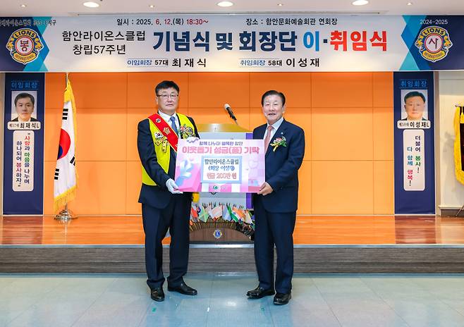 함안라이온스클럽은 6월12일 함안문화예술회관 연회장에서 제58대 이·취임식을 개최하고 지역사회에 따뜻한 나눔을 실천하는 기탁식을 함께 진행했다.
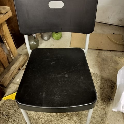 Musta tuoli. Pehmustettu istuinosa.
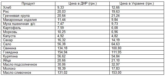 Продукт | Цена в «ДНР» (грн.) | Цена в Украине (грн.) |
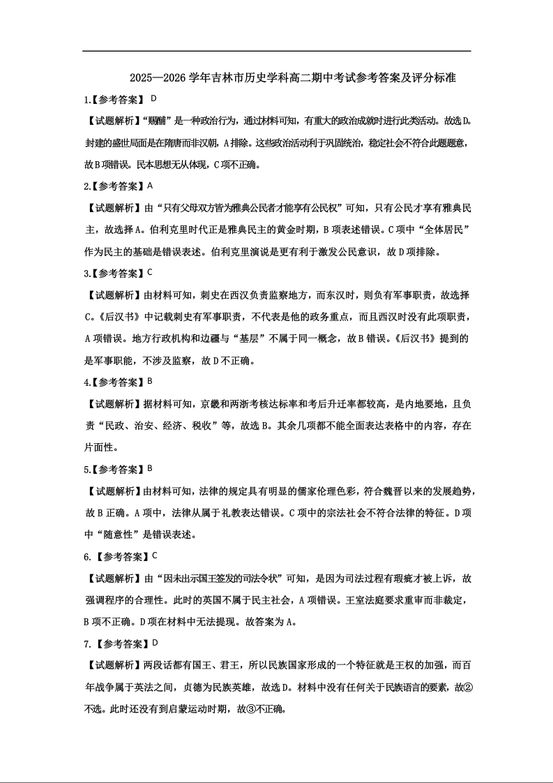 高二历史答案--吉林省吉林市普通高中2025-2026学年高二上学期期中考试
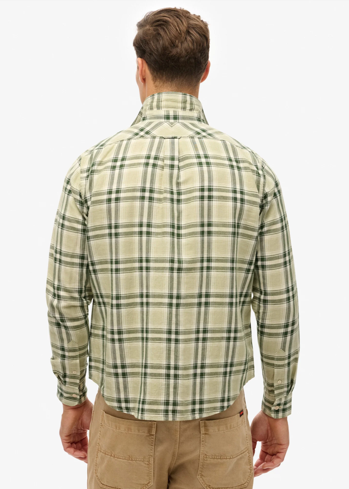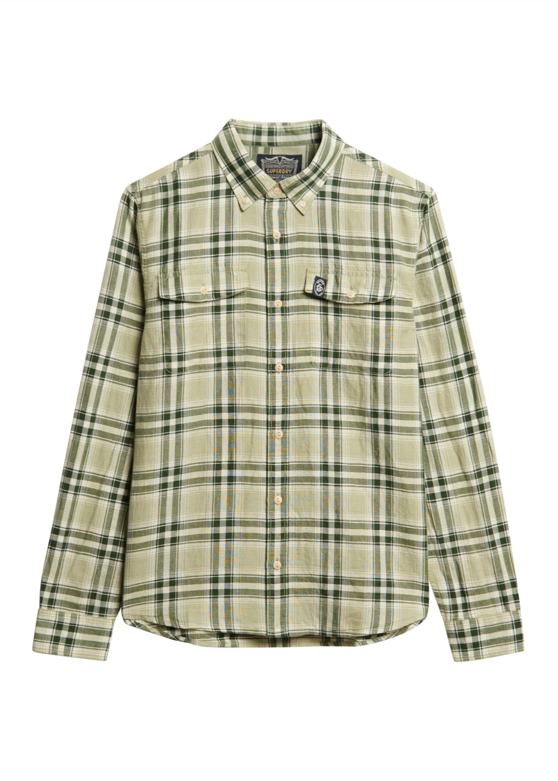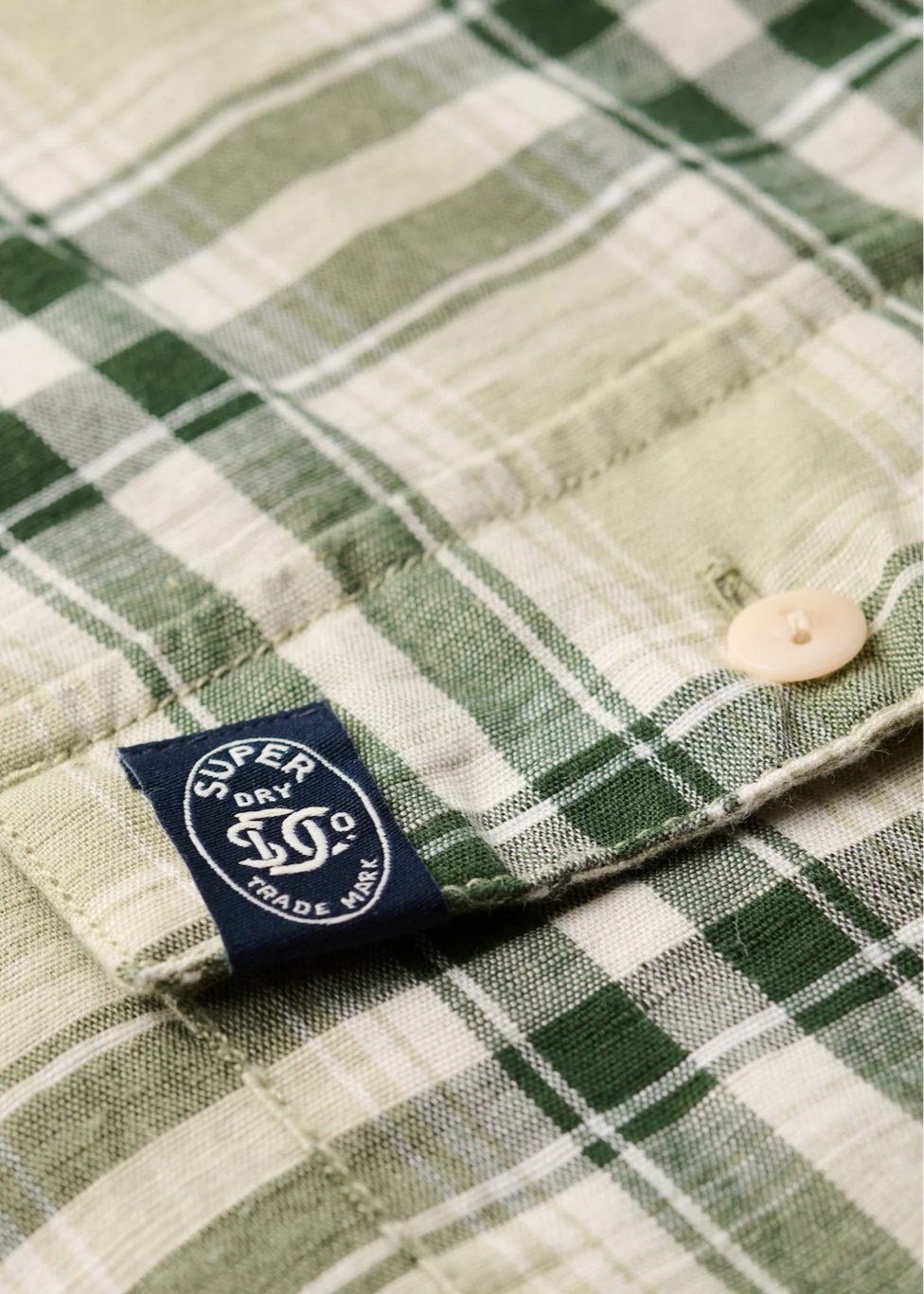 SUPERDRY Merchant Linen Check Shirt - Green Check
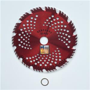 (1)--RENEGADE STANDARD BLADE Silver [RSB] Multi-Use: 8"-80t, 9"-100t,10"-120t.... a "thick wood limbs and hard bushes" specialty: Has the most teeth we offer, so best for cutting solid wood based material. Hard stock type bushes, trimming tree limbs & branches and root suckers, solid wood based material is this blade's specialty but it will also cut firm brush, but if you are cutting soft grassy wispy brush or bushes, then high teeth count blade like this one will tend to push the brush over instead of cutting it due to {not} having "grabbing cavities" between the teeth. High teeth count blades have more teeth per square inch to help avoid seizing in dense wood tree limbs while cutting. Additionally, this blade or the one below (red razor) are probably the best blade types for {hedging} rubbery material (fibrous vines) as low teeth count blades with big cavities tend to grab and tear instead of cutting rubbery vines (like ivy). This blade is our chain saw replacement with respect to cutting wood material. Large 5.5mm teeth coupled with the most carbide teeth per blade inch that we offer makes this a dynamo in its specialty. NOTE: These teeth offer high durability having slightly larger thicker teeth but may have slightly {more} friction than the blade just below (Razor).
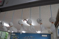 明日、晴れることを祈って、子供たちが部屋で「てるてるぼうず」を作っていました。
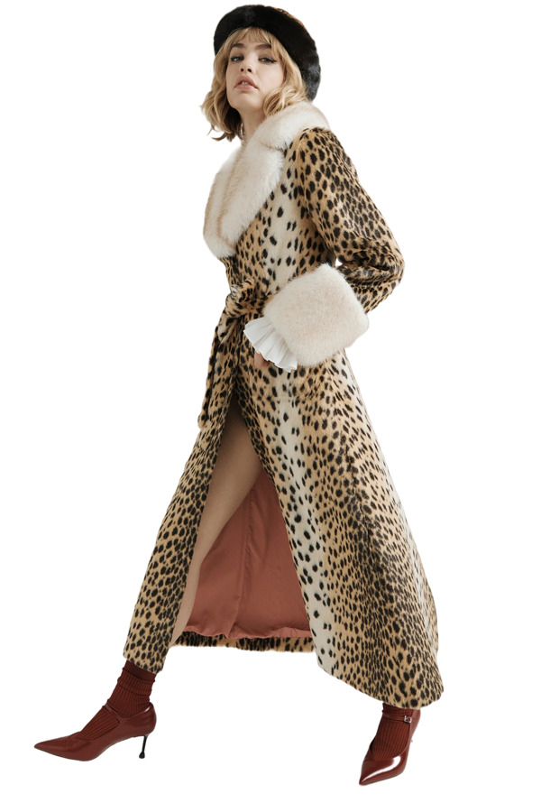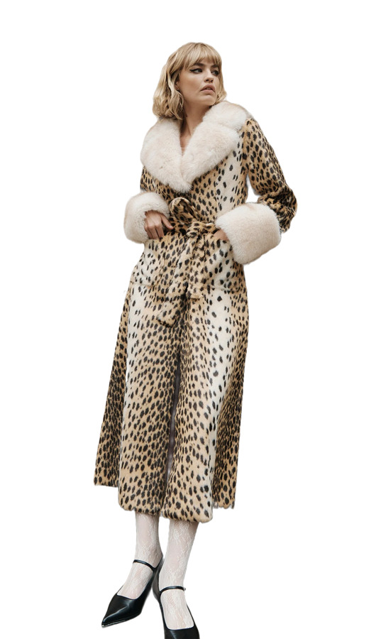 Priscilla roams the season with striking elegance, her faux pony fur cinched at the waist by a dramatic belt, complemented by luxurious ivory cuffs and collar. A hint of cosmetic pink satin inside adds a playful touch, reminiscent of vintage opulence. Limited in availability, this exquisite coat is made for women who command attention, transforming every entrance into a scene and every street into a runway.
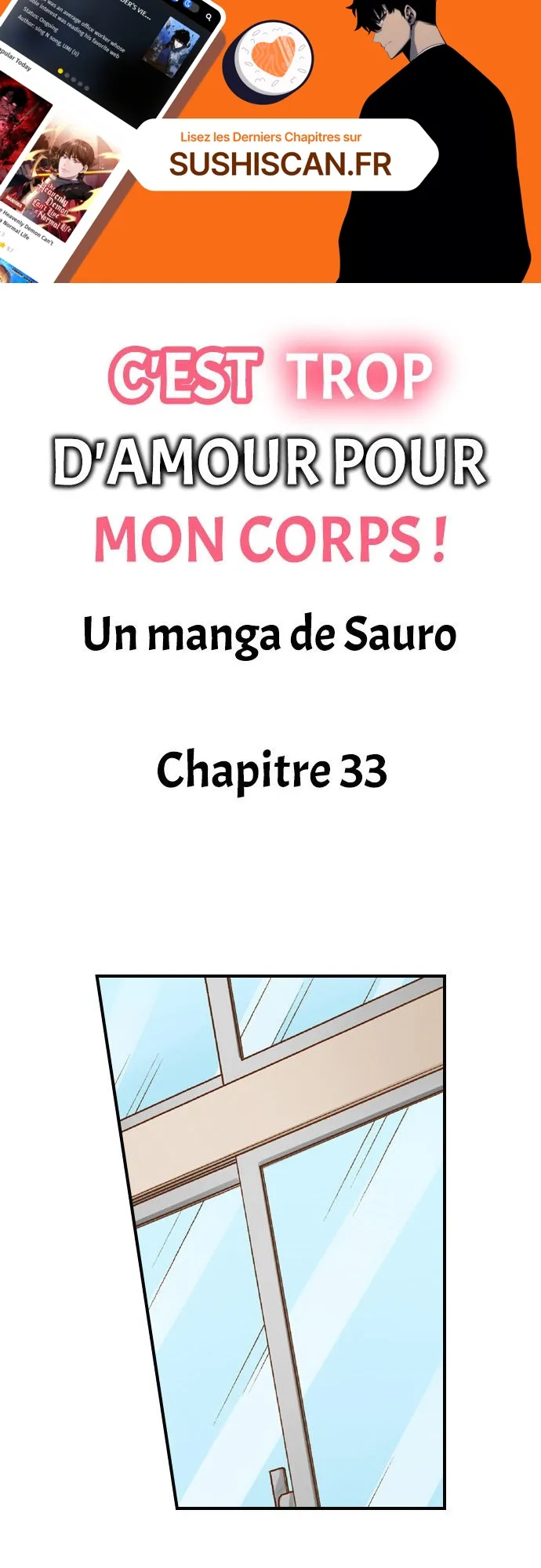 Lisez le dernier manga C’est trop d’amour pour mon corps ! Chapitre 33 sur SushiScan. Le manga C’est trop d’amour pour mon corps ! est toujours mis à jour sur SushiScan. N'oubliez pas de lire les autres mises à jour de manga. Une liste de collections de manga SushiScan se trouve dans le menu Liste de manga.
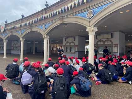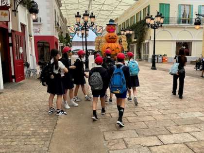 出発時には強く降っていた雨も、スペイン村到着時には奇跡的に止み、子どもたちはグループごとの活動を楽しみました。
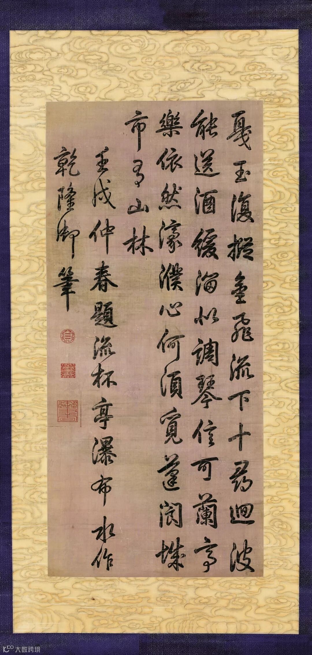 释文:戛玉复纵金,飞流下十寻。回波能送酒, 缓溜似调琴。信可兰亭乐,依然濠濮心。何须觅蓬阆,城市有山林。壬戌仲春题流杯亭瀑布水作乾隆御笔。
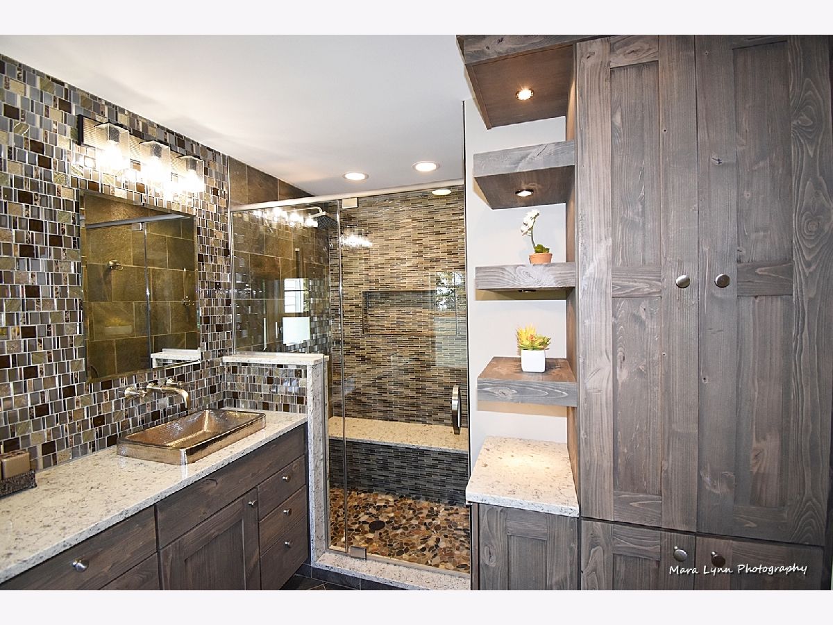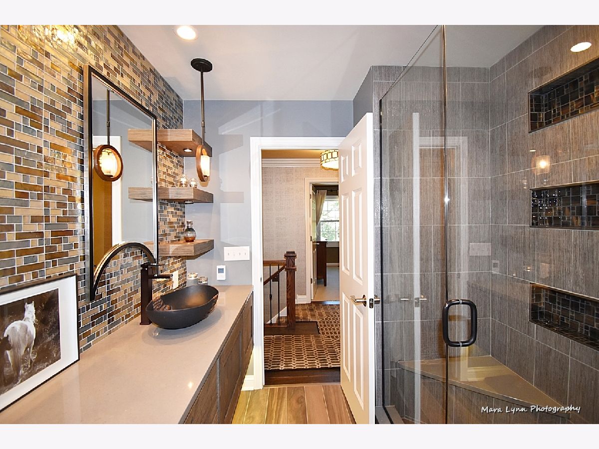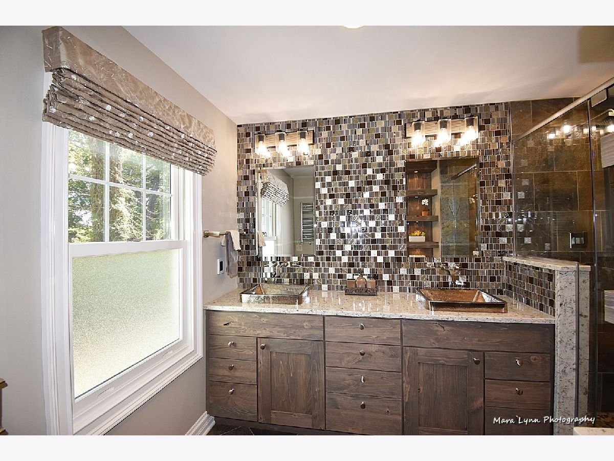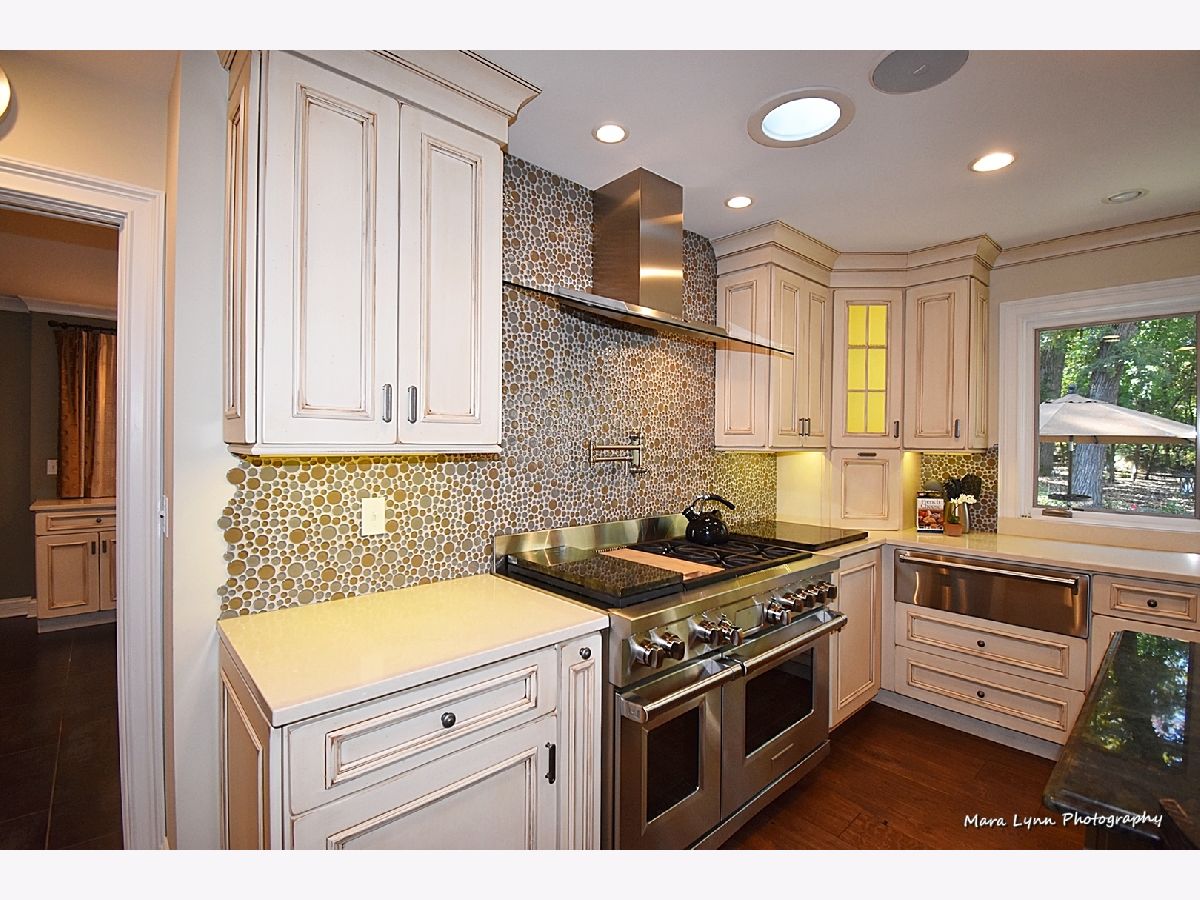 This home is nothing short of magnificent at every turn and has been thoughtfully updated with the finest of finishes throughout! Blue stone walkway leads to the inviting front porch! The beautiful entry with DuChateau hardwoods leads into the open floor plan that is perfect for entertaining or everyday living! This one of a kind Chef's kitchen offers top of the line appliances (including a warming drawer & pot filler), custom glazed cabinetry, Cesarstone countertops, big center island/breakfast bar with granite and glass top and an extraordinary custom backsplash! Large dining room with twin light fixtures, recessed lighting, built-in display shelf and it opens right up to the kitchen of your dreams! Spacious family room with beamed ceiling, masonry fireplace framed by built-ins, recessed TV niche and triple atrium door leading out to expansive Trex deck, gazebo and the most beautiful private yard - it is gorgeous! Private 2nd floor office with separate staircase has dormered ceiling. Master bedroom suite with big walk-in closet and state of the art luxury bath through custom sliding door with radiant heat floor, dual vanities with gorgeous glass tile wall above, floating display shelves and a big walk-in shower with bench and storage nook! Three big secondary bedrooms all with generous closet space. Renovated full hall bath with radiant heat floor that has custom inlay design, floating vanity with down lighting, twin vessel sinks with glass tiled wall above and an oversized shower with bench and triple glass tiled niches. Exceptional finished basement with crown molding, recessed lighting, built-in media center, wet bar with beverage cooler, temperature controlled wine cellar, bedroom five and additional full bath! The yard is simply stunning with river stone walking path, multi-level paver brick patio with retaining walls, spa, built-in grill, bar & fire pit and large 2-level Trex deck that leads to a gazebo...you will have to see to believe!!
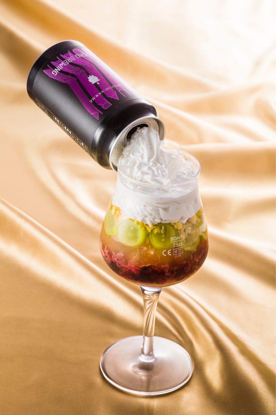 栗、りんご、シャインマスカットなど秋の味覚をつめこみ、ホイップをビールに見立てました。
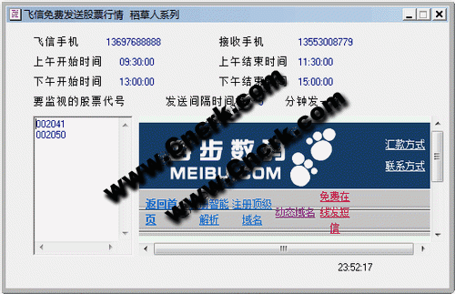 稻草人股票行情免费短信系统利用飞信系统,免费发送股票行情,发送频率和股票品种有自己任意定义,不会产生任何费用,发送和接收都是免费的。可以对股票的现价、涨幅、最高价、最低价、开盘价。一目了然
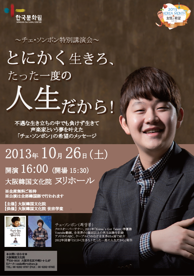 彼にとって唯一の‘希望’であった‘歌’を通じ、希望のメッセージを伝えている韓国のポール・ポッツ(Paul Potts)!チェ・ソンボンさんから生き生きとしたお話を聞かせていただきます。
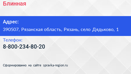 Блинная по адресу 390507, Рязанская область, Рязань, село Дядьково, 1 в дальнейшем Организация, размещена в следующих категориях:
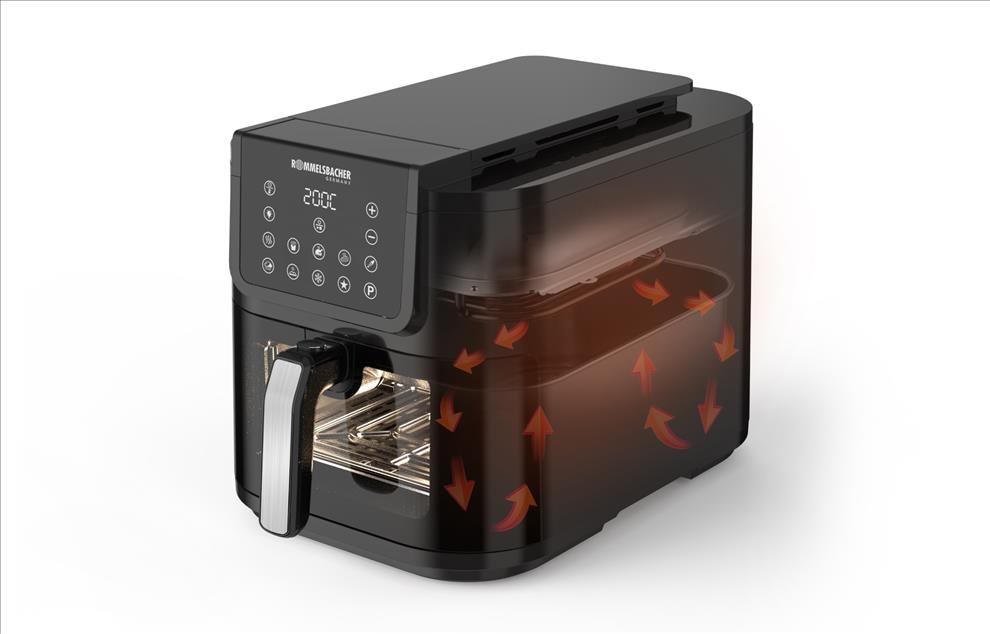 Zdravá alternativa k fritéze a troubě: pokud chcete smažit nebo péct, můžete k tomu použít Rommelsbacher FRH 1700. Tajemstvím je technologie Hot Air Convection, která obklopuje pokrm rovnoměrně rozloženým vzduchem namísto oleje. Nádoba s exkluzivním designem pro optimální rozložení tepla a efektivnější tepelnou úpravu pokrmu. Může se fritovat rovnoměrně a rychle, s malým množstvím oleje (-80 %) nebo zcela bez oleje. Nižší spotřeba oleje, žádný zápach v kuchyni. Jednoduché čištění. Časovač. 10 přednastavených programů. Dotykový digitální displej. Ve fritéze si budete moct připravit celou řadu pokrmů, například maso, ryby, krevety, smažené brambory či hranolky.
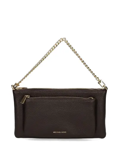brown pebbled leather zip fastening gold-tone chain strap external slip pocket

=====

Output exactly the lines above that lie between the line with "Lisez le dernier" and the line with "释文:戛玉复纵金,飞流下十寻", those two lines included, and no pictures.

--- Problem solution ---
 Lisez le dernier manga C’est trop d’amour pour mon corps ! Chapitre 33 sur SushiScan. Le manga C’est trop d’amour pour mon corps ! est toujours mis à jour sur SushiScan. N'oubliez pas de lire les autres mises à jour de manga. Une liste de collections de manga SushiScan se trouve dans le menu Liste de manga.
 出発時には強く降っていた雨も、スペイン村到着時には奇跡的に止み、子どもたちはグループごとの活動を楽しみました。
 释文:戛玉复纵金,飞流下十寻。回波能送酒, 缓溜似调琴。信可兰亭乐,依然濠濮心。何须觅蓬阆,城市有山林。壬戌仲春题流杯亭瀑布水作乾隆御笔。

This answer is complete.